If adopting the MIRT-derived ability vector, θ, as a latent profile in formative assessment, one must be confident that the estimate of θ is close to its true value. Simulation studies have shown that in MIRT, latent trait estimates have larger measurement error (either larger bias or larger variance) when examinees have high ability on one dimension and low ability on the other dimension or have high/low abilities on both dimensions (Finkelman, Nering, & Roussos, 2009; Wang & Chang 2011). This study proposes a general extension of Warm’s WLE method to the multivariate case for reducing bias in the MLE associated with short tests. Unlike the first attempt to generalize WLE to multiple dimensions by Tseng and Hsu (2001), our approach can be used for tests exhibiting complex structure. We derived the MWLE by incorporating the well-established bias of the MLE into the score function according to Firth’s (1993) preventive framework. Simulation studies showed that the MWLE estimate, \(\hat{\boldsymbol{\theta}}^{\ast}\), resulted in decreased bias across various ability vectors with slightly smaller variance as compared with MLE. We also compared MLE/WMLE to Bayesian estimators and found that both EAP and MAP estimators typically had larger inward bias toward the prior mean but smaller variance, especially when responses were generated from θ’s far away from a zero vector.

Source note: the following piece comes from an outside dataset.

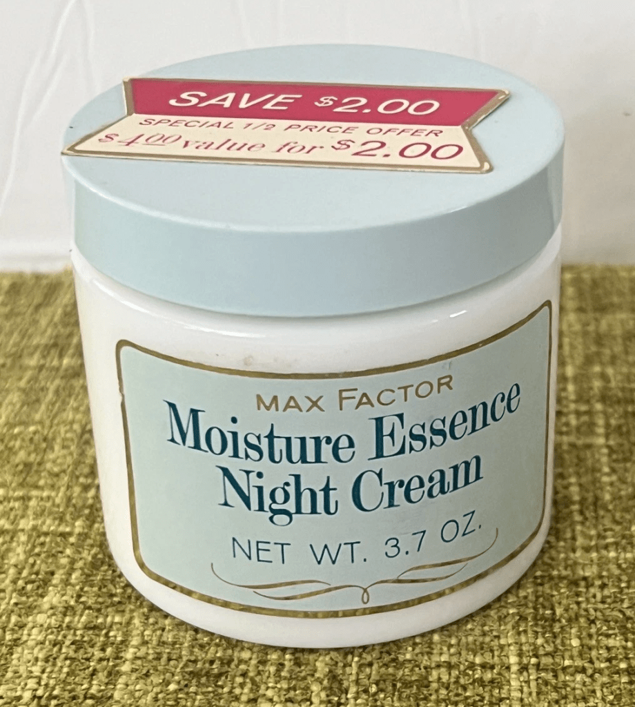 The jar sitting on the same counter is a Max Factor skincare product – Moisture Essence night cream.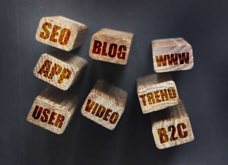 SEO blog video app www B2C words on wooden blocks. Search engine optimization internet marketing concept.

Based on the improved bias and similar sampling variability of the MWLE relative to alternative ability estimators, we recommend that MWLE be implemented in commercial MIRT calibration software, such as TESTFACT or IRTPRO (Cai, Thissen, & du Toit, 2011). In addition, because the precision of the latent trait estimate can affect the accuracy of equating and linking in large-scale assessments (Tao, Shi, & Chang, 2012), or item selection in an adaptive test, future studies could compare the performance of MWLE to the alternative estimators in additional, practicable, testing conditions. Finally, licensure and classification tests also depend on accurate estimate of ability, Therefore, future researchers could determine the consequences of estimation bias in making accurate classification decisions. One limitation of the current study is that the analytical discussions are built upon the assumptions that item parameters are correctly calibrated. In the future, such discussions need to be generalized to situations in which item parameters contain certain levels of measurement errors (Zhang, Xie, Song, & Lu, 2011).